--- DATA FOR THE TASK Enclosed Below ---

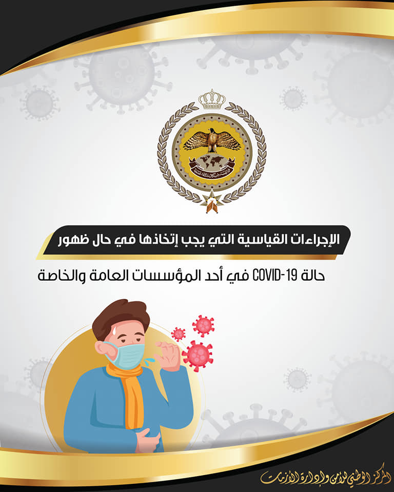 نشر المركز الوطني للأمن وإدارة الأزمات ، دليلا للإجراءات الواجب اتخاذها في حال ظهور حالة كورونا في المؤسسات العامة والخاصة. |
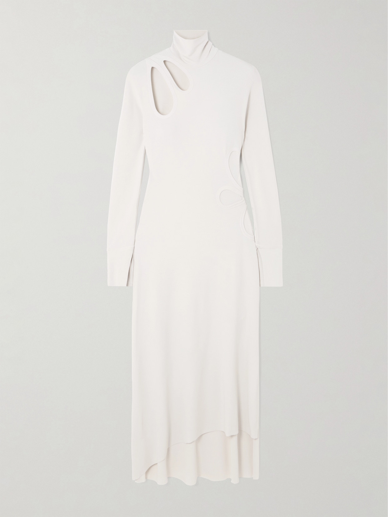 Cutout Asymmetric Stretch-jersey Turtleneck Midi Dress
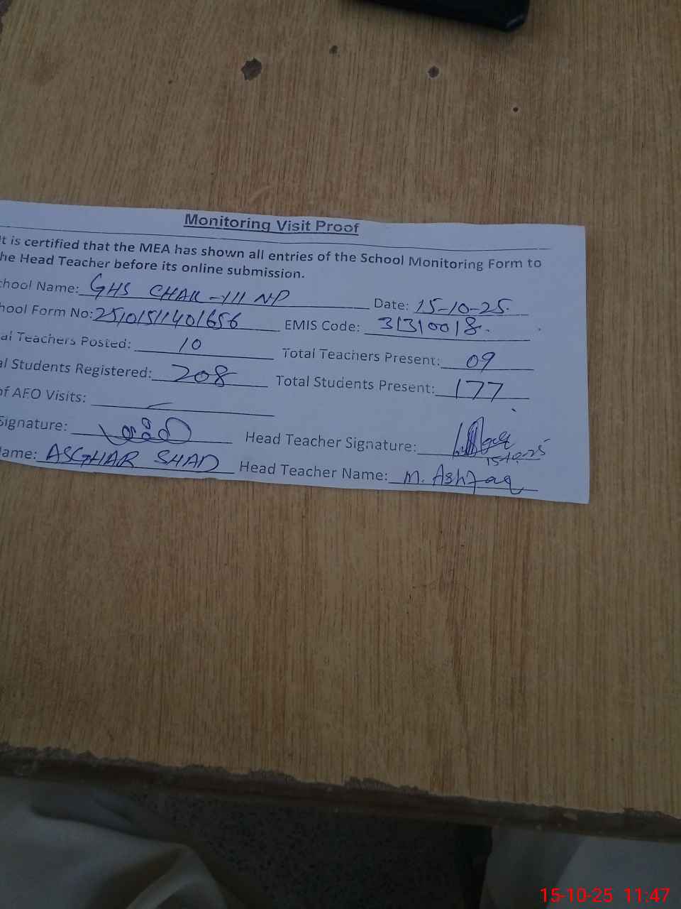 | Attendance Register | Head Teacher | MEA with School | Visit Proof |
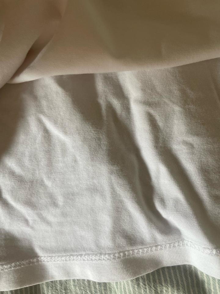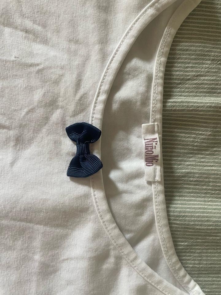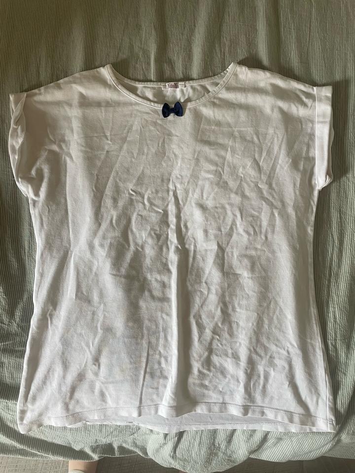 белая школьная футболка с синим бантикомS
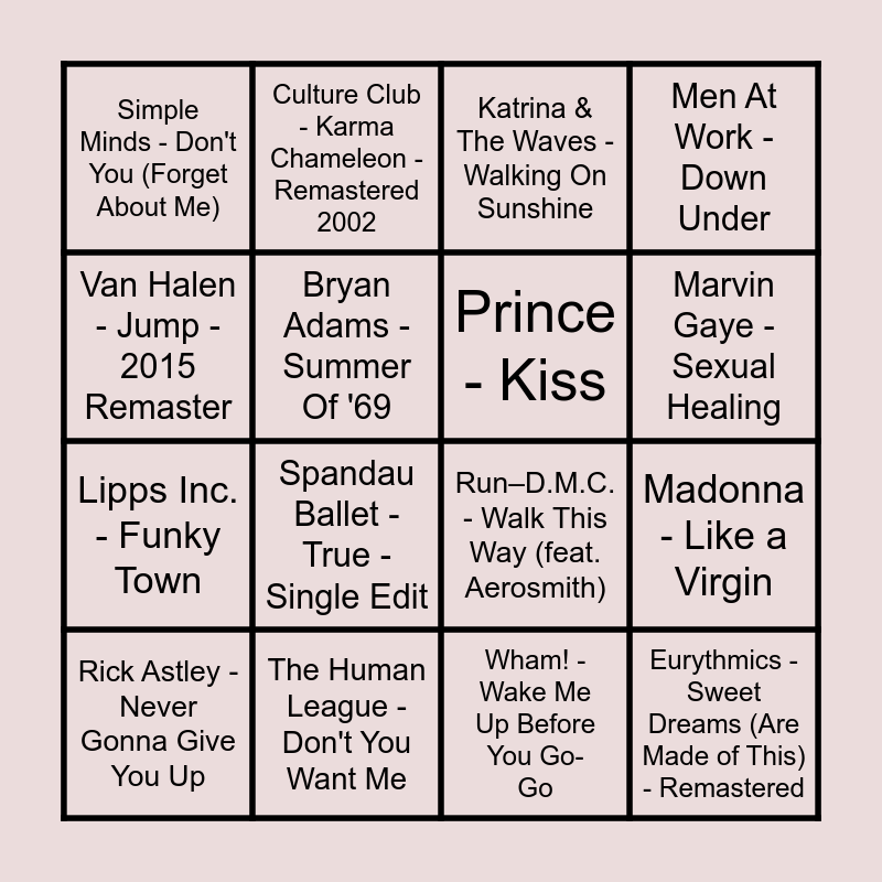 This bingo card has 54 words: a-ha - Take on Me, Eurythmics - Sweet Dreams (Are Made of This) - Remastered, TOTO - Africa, Journey - Don't Stop Believin', Tears For Fears - Everybody Wants To Rule The World, Kenny Loggins - Footloose - From "Footloose" Soundtrack, Men At Work - Down Under, Soft Cell - Tainted Love, Bryan Adams - Summer Of '69, Whitney Houston - I Wanna Dance with Somebody (Who Loves Me), Simple Minds - Don't You (Forget About Me), Queen - Under Pressure, Cyndi Lauper - Girls Just Want to Have Fun, Daryl Hall & John Oates - You Make My Dreams (Come True), Starship - We Built This City, Michael Jackson - Beat It, Rick Astley - Never Gonna Give You Up, Lipps Inc. - Funky Town, Kim Carnes - Bette Davis Eyes, Wham! - Wake Me Up Before You Go-Go, The Buggles - Video Killed The Radio Star, New Order - Blue Monday, The Human League - Don't You Want Me, Van Halen - Jump - 2015 Remaster, UB40 - Red Red Wine, Culture Club - Karma Chameleon - Remastered 2002, Belinda Carlisle - Heaven Is a Place on Earth, Philip Bailey - Easy Lover, Fleetwood Mac - Everywhere, The Proclaimers - I'm Gonna Be (500 Miles), Michael Jackson - Thriller - 2003 Edit, Survivor - Eye of the Tiger, Paul Simon - You Can Call Me Al, Billy Joel - Uptown Girl, Katrina & The Waves - Walking On Sunshine, Lionel Richie - All Night Long (All Night), Run–D.M.C. - Walk This Way (feat. Aerosmith), Dead Or Alive - You Spin Me Round (Like a Record), INXS - Need You Tonight, Prince - Kiss, Don Henley - The Boys Of Summer, Depeche Mode - Just Can't Get Enough, Men Without Hats - The Safety Dance, Cameo - Word Up, Kim Wilde - Kids In America, The B-52's - Love Shack, ABBA - Super Trouper, Womack & Womack - Teardrops - Single Version, Marvin Gaye - Sexual Healing, Madonna - Like a Virgin, Spandau Ballet - True - Single Edit, George Michael - Faith - Remastered, The Harmony Group - Electric Avennue and The Bangles - Walk Like an Egyptian.
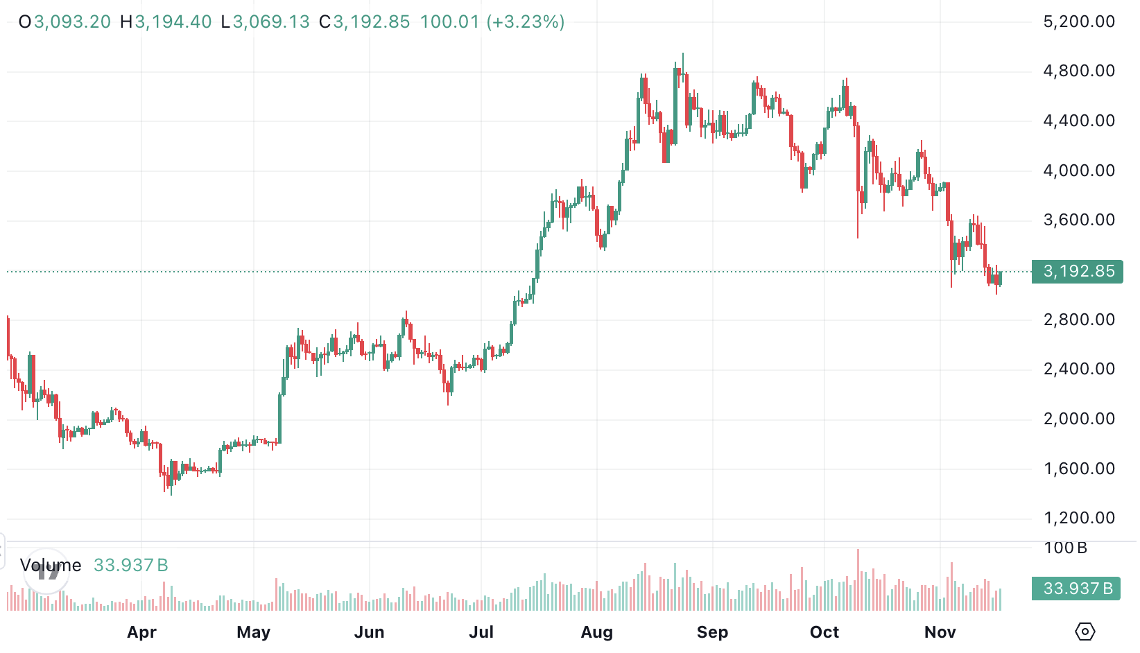 $3,216.28 With the sales wave that shook the entire cryptocurrency market in the last 7 days, it fell below the $ 3,100 threshold. ETH fell below this level for the first time since November 4. CryptoAppsy According to data, it is trading at $ 3,193 with a decrease of 0.47 percent in the last 24 hours. Experts state that outflows, especially in spot Ethereum ETFs, indicate a strong weakening in investor confidence.
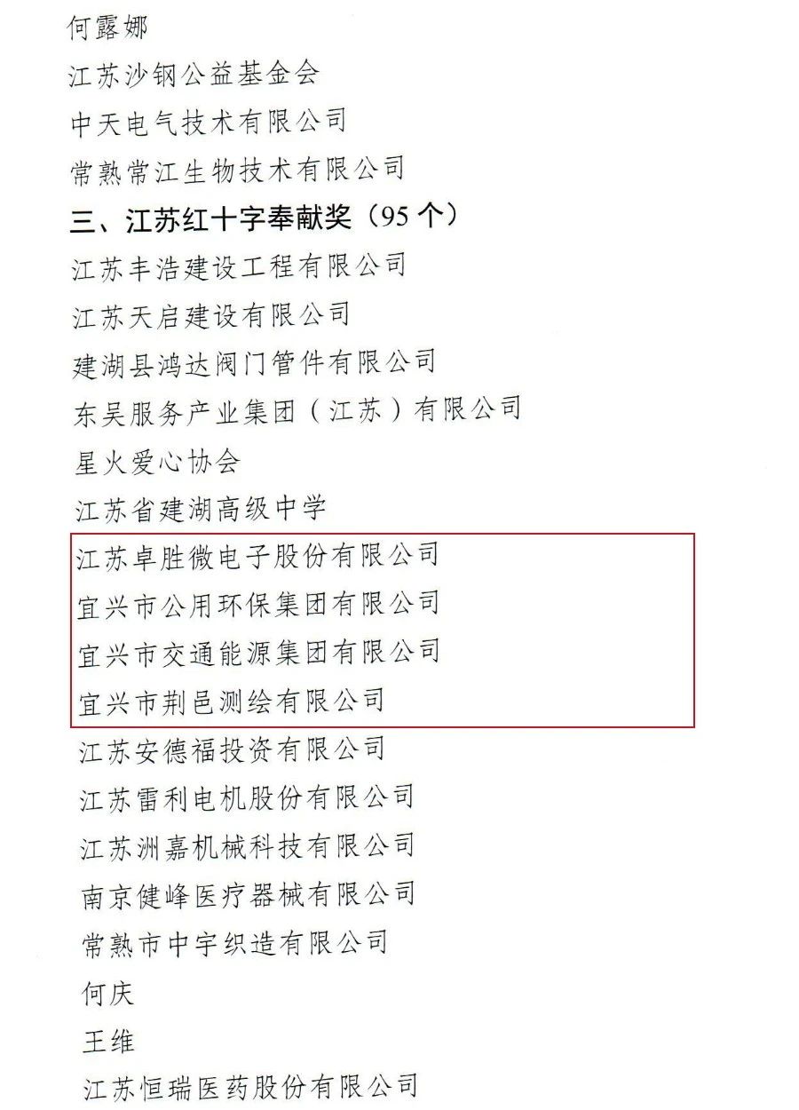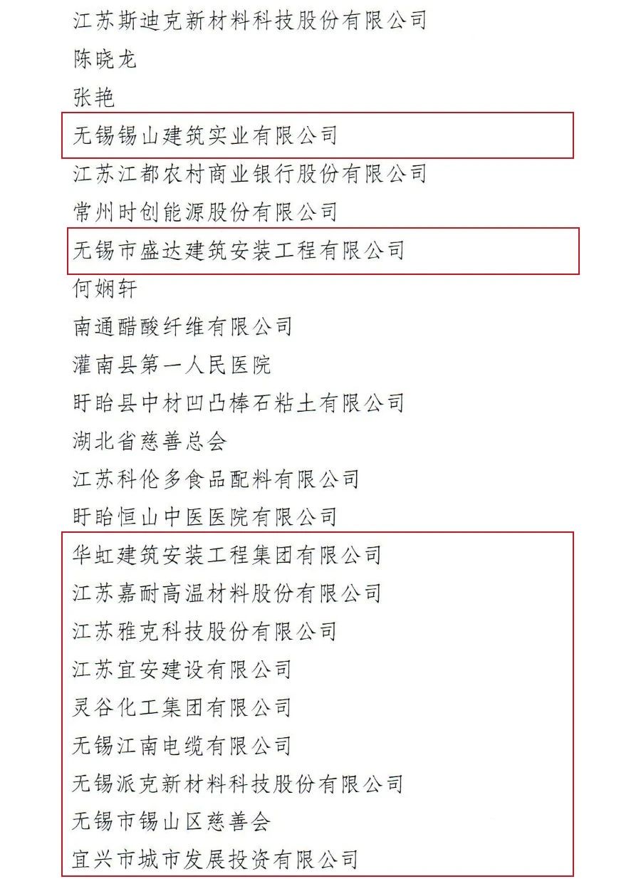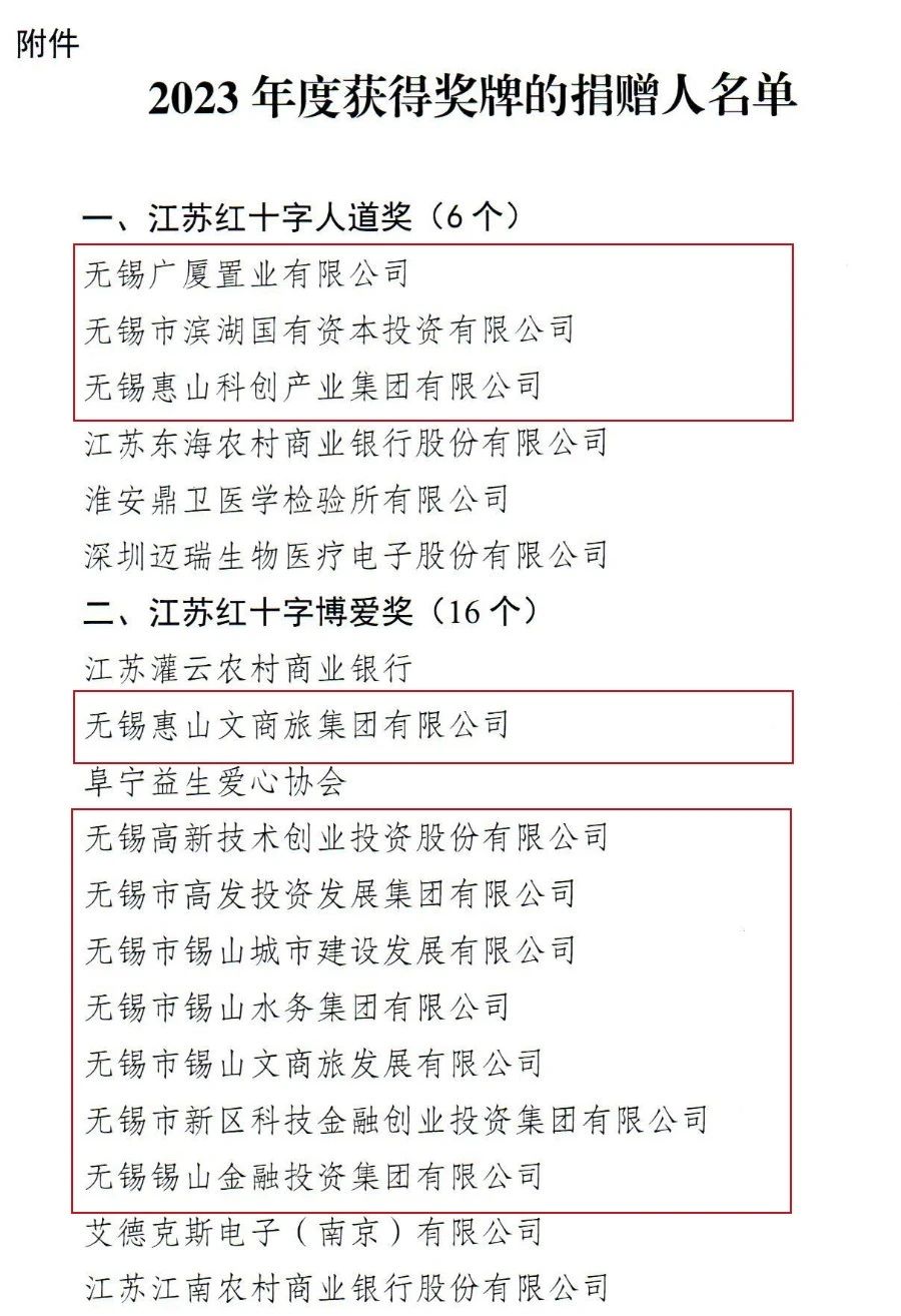 2023年,我省广大爱心企业、单位和个人慷慨解囊、捐款捐物,用实际行动践行了社会责任,充分体现了“人道、博爱、奉献”的红十字精神,生动诠释了守望相助的人道主义情怀。日前,在“为江苏红十字事业作出突出贡献捐赠人奖”评选活动中,无锡共有31家企业和单位获表彰,占全省表彰总数的33。 其中无锡广厦置业有限公司、无锡市滨湖国有资本投资有限公司、无锡惠山科创产业集团有限公司等3家单位获“江苏红十字人道奖”; 无锡惠山文商旅集团有限公司、无锡市锡山水务集团有限公司、无锡市锡山城市建设发展有限公司、无锡锡山金融投资集团有限公司、无锡市锡山文商旅发展有限公司、无锡市高发投资发展集团有限公司、无锡市新区科技金融创业投资集团有限公司、无锡高新技术创业投资股份有限公司等8家单位获“江苏红十字博爱奖”; 江苏卓胜微电子股份有限公司、宜兴市交通能源集团有限公司、宜兴市荆邑测绘有限公司、宜兴市公用环保集团有限公司、无锡锡山建筑实业有限公司、无锡市盛达建筑安装工程有限公司、宜兴市国有资本投资控股集团有限公司、宜兴市陶都科技新城发展有限公司、宜兴市大数据发展有限公司、宜兴市城市发展投资有限公司、江苏宜安建设有限公司、无锡江南电缆有限公司、江苏雅克科技股份有限公司、灵谷化工集团有限公司、江苏嘉耐高温材料股份有限公司、华虹建筑安装工程集团有限公司、无锡派克新材料科技股份有限公司、中国初级卫生保健基金会、海澜之家集团股份有限公司、无锡市锡山区慈善会等20家单位获“江苏红十字奉献奖”。

--- End of Enclosed DATA FOR THE TASK ---

EXERCISE OBJECTIVE:
Would you give the entries above again verbatim, omitting the images they contain?

COMPLETED EXERCISE:
 نشر المركز الوطني للأمن وإدارة الأزمات ، دليلا للإجراءات الواجب اتخاذها في حال ظهور حالة كورونا في المؤسسات العامة والخاصة. |
 Cutout Asymmetric Stretch-jersey Turtleneck Midi Dress
 | Attendance Register | Head Teacher | MEA with School | Visit Proof |
 белая школьная футболка с синим бантикомS
 This bingo card has 54 words: a-ha - Take on Me, Eurythmics - Sweet Dreams (Are Made of This) - Remastered, TOTO - Africa, Journey - Don't Stop Believin', Tears For Fears - Everybody Wants To Rule The World, Kenny Loggins - Footloose - From "Footloose" Soundtrack, Men At Work - Down Under, Soft Cell - Tainted Love, Bryan Adams - Summer Of '69, Whitney Houston - I Wanna Dance with Somebody (Who Loves Me), Simple Minds - Don't You (Forget About Me), Queen - Under Pressure, Cyndi Lauper - Girls Just Want to Have Fun, Daryl Hall & John Oates - You Make My Dreams (Come True), Starship - We Built This City, Michael Jackson - Beat It, Rick Astley - Never Gonna Give You Up, Lipps Inc. - Funky Town, Kim Carnes - Bette Davis Eyes, Wham! - Wake Me Up Before You Go-Go, The Buggles - Video Killed The Radio Star, New Order - Blue Monday, The Human League - Don't You Want Me, Van Halen - Jump - 2015 Remaster, UB40 - Red Red Wine, Culture Club - Karma Chameleon - Remastered 2002, Belinda Carlisle - Heaven Is a Place on Earth, Philip Bailey - Easy Lover, Fleetwood Mac - Everywhere, The Proclaimers - I'm Gonna Be (500 Miles), Michael Jackson - Thriller - 2003 Edit, Survivor - Eye of the Tiger, Paul Simon - You Can Call Me Al, Billy Joel - Uptown Girl, Katrina & The Waves - Walking On Sunshine, Lionel Richie - All Night Long (All Night), Run–D.M.C. - Walk This Way (feat. Aerosmith), Dead Or Alive - You Spin Me Round (Like a Record), INXS - Need You Tonight, Prince - Kiss, Don Henley - The Boys Of Summer, Depeche Mode - Just Can't Get Enough, Men Without Hats - The Safety Dance, Cameo - Word Up, Kim Wilde - Kids In America, The B-52's - Love Shack, ABBA - Super Trouper, Womack & Womack - Teardrops - Single Version, Marvin Gaye - Sexual Healing, Madonna - Like a Virgin, Spandau Ballet - True - Single Edit, George Michael - Faith - Remastered, The Harmony Group - Electric Avennue and The Bangles - Walk Like an Egyptian.
 $3,216.28 With the sales wave that shook the entire cryptocurrency market in the last 7 days, it fell below the $ 3,100 threshold. ETH fell below this level for the first time since November 4. CryptoAppsy According to data, it is trading at $ 3,193 with a decrease of 0.47 percent in the last 24 hours. Experts state that outflows, especially in spot Ethereum ETFs, indicate a strong weakening in investor confidence.
 2023年,我省广大爱心企业、单位和个人慷慨解囊、捐款捐物,用实际行动践行了社会责任,充分体现了“人道、博爱、奉献”的红十字精神,生动诠释了守望相助的人道主义情怀。日前,在“为江苏红十字事业作出突出贡献捐赠人奖”评选活动中,无锡共有31家企业和单位获表彰,占全省表彰总数的33。 其中无锡广厦置业有限公司、无锡市滨湖国有资本投资有限公司、无锡惠山科创产业集团有限公司等3家单位获“江苏红十字人道奖”; 无锡惠山文商旅集团有限公司、无锡市锡山水务集团有限公司、无锡市锡山城市建设发展有限公司、无锡锡山金融投资集团有限公司、无锡市锡山文商旅发展有限公司、无锡市高发投资发展集团有限公司、无锡市新区科技金融创业投资集团有限公司、无锡高新技术创业投资股份有限公司等8家单位获“江苏红十字博爱奖”; 江苏卓胜微电子股份有限公司、宜兴市交通能源集团有限公司、宜兴市荆邑测绘有限公司、宜兴市公用环保集团有限公司、无锡锡山建筑实业有限公司、无锡市盛达建筑安装工程有限公司、宜兴市国有资本投资控股集团有限公司、宜兴市陶都科技新城发展有限公司、宜兴市大数据发展有限公司、宜兴市城市发展投资有限公司、江苏宜安建设有限公司、无锡江南电缆有限公司、江苏雅克科技股份有限公司、灵谷化工集团有限公司、江苏嘉耐高温材料股份有限公司、华虹建筑安装工程集团有限公司、无锡派克新材料科技股份有限公司、中国初级卫生保健基金会、海澜之家集团股份有限公司、无锡市锡山区慈善会等20家单位获“江苏红十字奉献奖”。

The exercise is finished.